Evyn signaled the chopper to continue lowering the Stokes. A sharp gust of wind nearly knocked her off her feet. The chopper dipped and rose sharply, canting in the shifting air currents. A crack like a rifle shot cut through the air and the rear cable securing the basket snapped. The metal toboggan came crashing down. Evyn lunged for the flailing cable end as Wes crouched over the mannequin, shielding the figure from the careening basket. The end of the madly swinging metal carrier sliced the air, struck Wes in the shoulder, and knocked her out of the boat.
For one millisecond Evyn was completely paralyzed. The deck where Wes had knelt was empty. The surface of the sea was nothing but angry water. Wes was gone.
Evyn jumped up on the bulwark and dove over the side.
Chapter Eighteen
The world spun crazily upside down. The light flickered rapidly and finally blinked out and all that was left was cold. Only pain and blood-stopping cold. Unseen hands dragged Wes deeper beneath the icy mantle, into a blackness that extinguished the last glimmer of illumination. Instinctively, she held her breath, struggling to orient herself in the surreal landscape of shock and panic. Her left arm wouldn’t obey her. She kicked and flailed but her water-filled boots and sodden jeans weighed her down. Up and down held no meaning—she revolved in a world without substance. Her animal brain fled from the freezing darkness, away from the primeval terror engulfing her. Primitive reflexes kicked in, and she fought to return to the last place she’d felt light and heat. The surface.

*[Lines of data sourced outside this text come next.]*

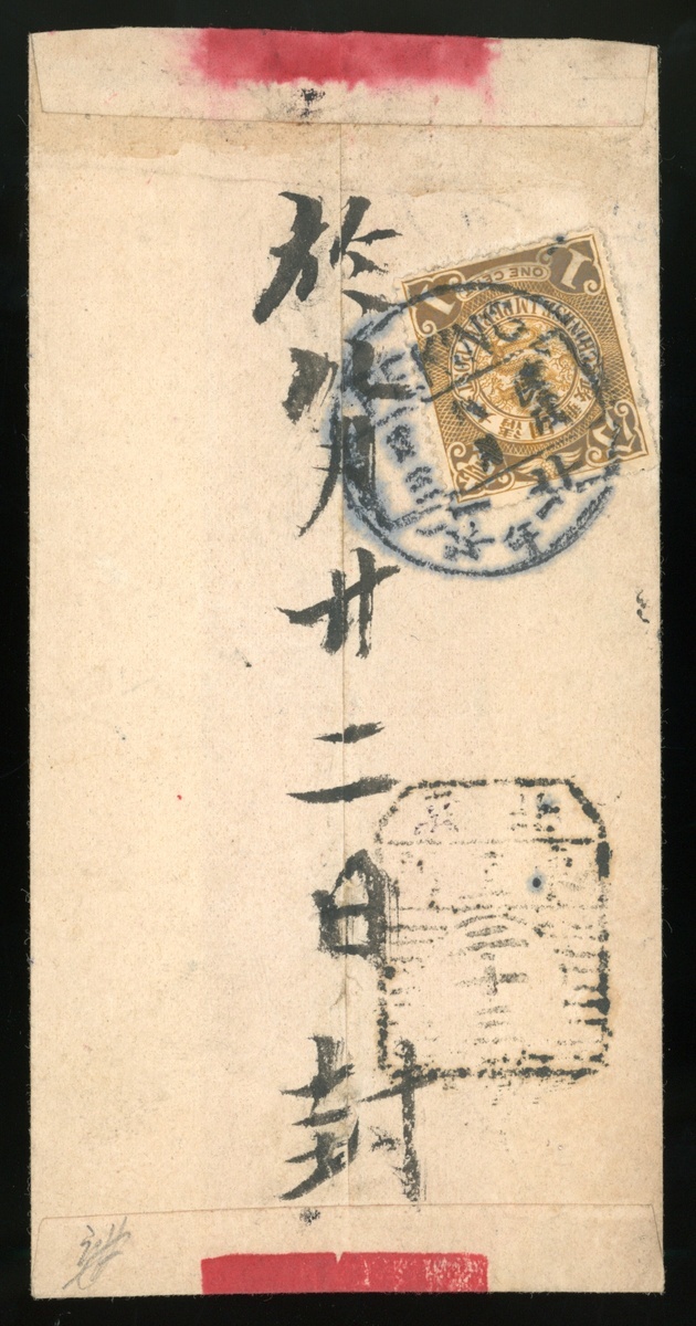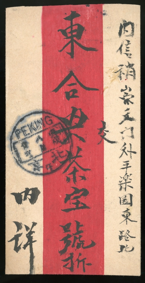 1910 (26 Sept.) a red band envelop to Peking locally, bearing 1c tied by Peking c.d.s. with Peking no. 33 letter box in black.
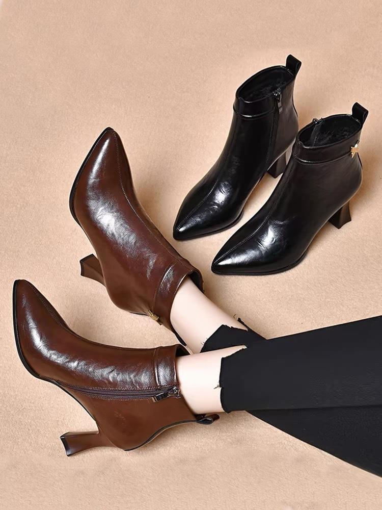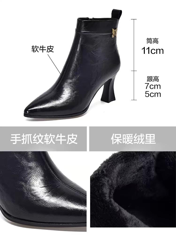 高跟鞋新款秋冬真皮女靴时尚尖头手抓纹短靴女士百搭春秋单靴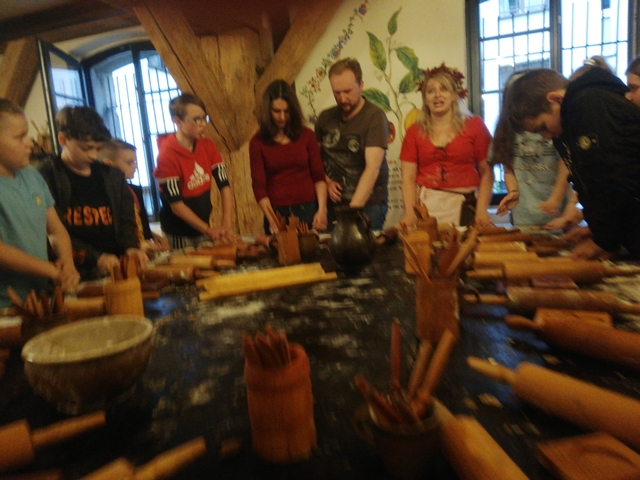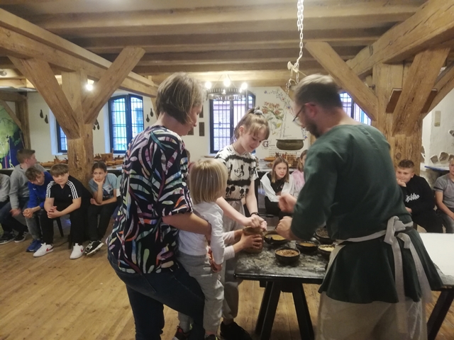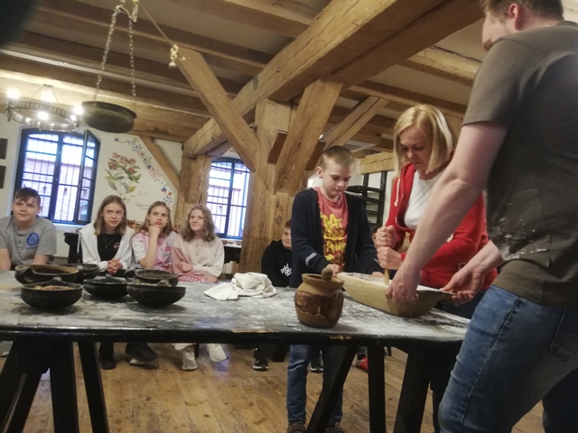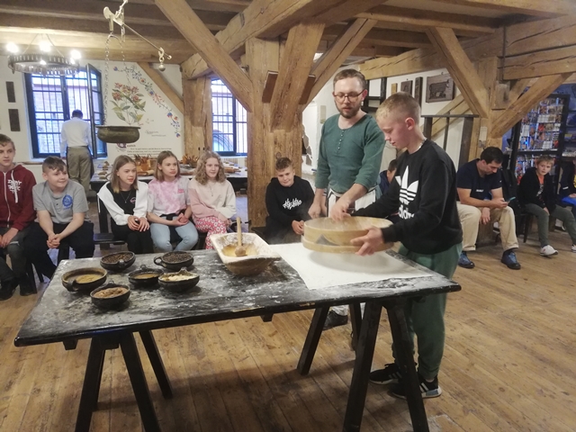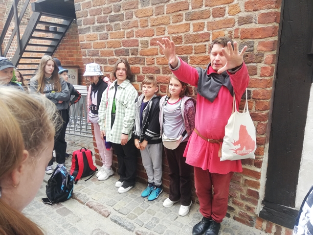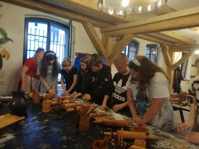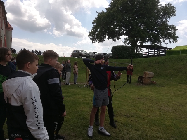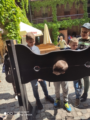 Drugi dzień zaczął się bardzo ciekawie. Najbardziej emocjonująca okazała się zabawa w domu zagadek, czyli w tzw. scape room. Zadaniem dzieci było wykonanie zadań, odszukanie różnych przedmiotów czy szyfru do otwarcia kłódki, aby wydostać się z pokoju. Ostatnim celem wycieczki było zwiedzanie Zamku w Golubiu-Dobrzyniu i udział w zabawach historycznych.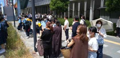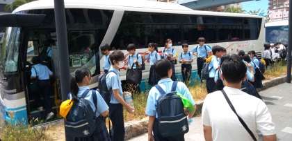 本日は、バスで学校と会場を移動です。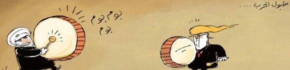 موقع جريدة امارتي نشر كاريكاتير يعبر قيام ايران بدق طبول الحرب فى المنقطة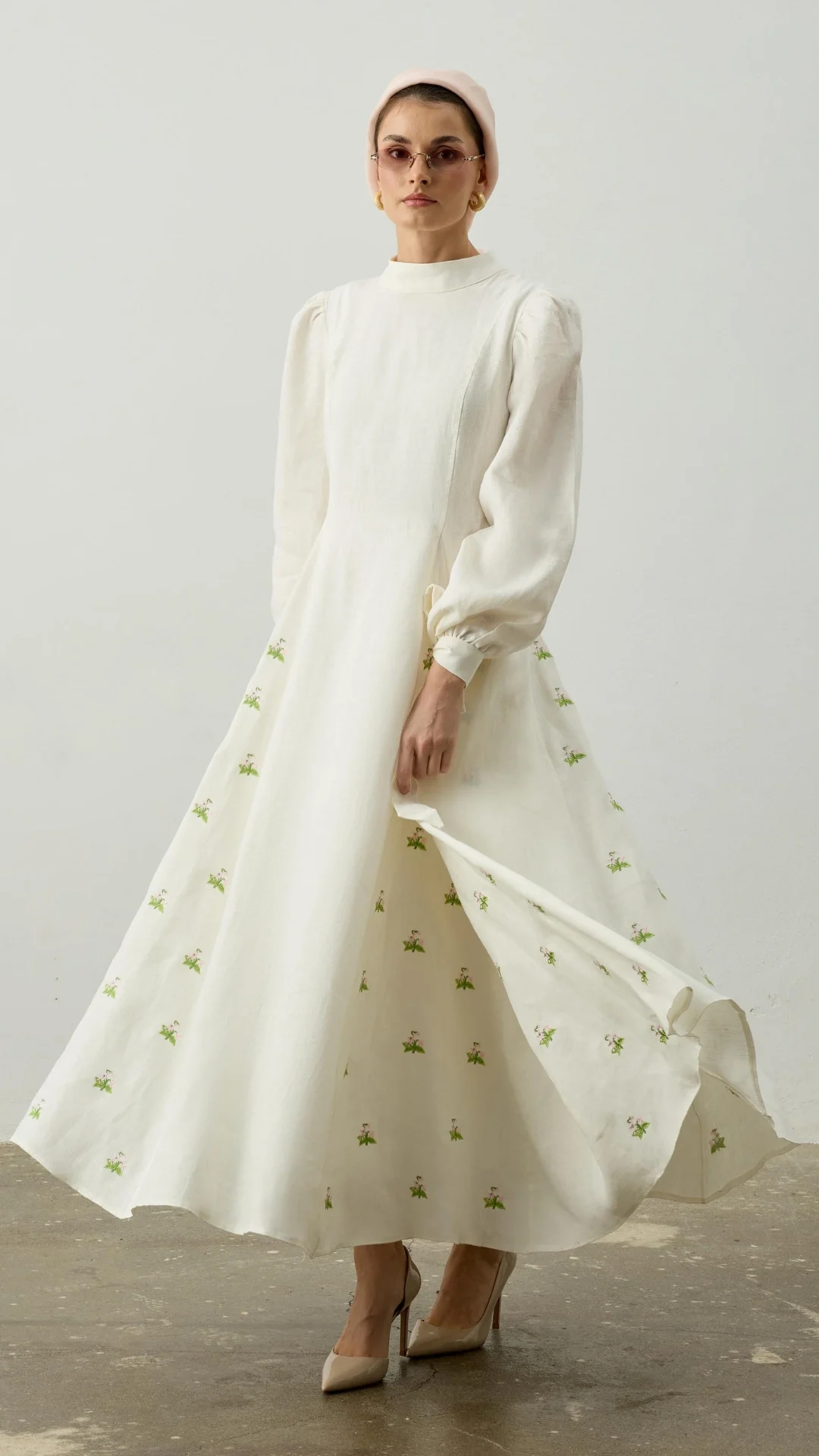 Dantel Detaylı Parçalı Saf Keten Elbise

She struggled upward, her chest burning, the pain so huge she hungered to suck in air to soothe the flames. She clamped her teeth shut, finally recognizing the water that entombed her, water that would provide no air, only sudden and swift death. With only her right arm and her clumsy legs to power her, she flailed and kicked and writhed her way toward the shimmer of light penetrating the gloom. Despair squeezed her throat closed.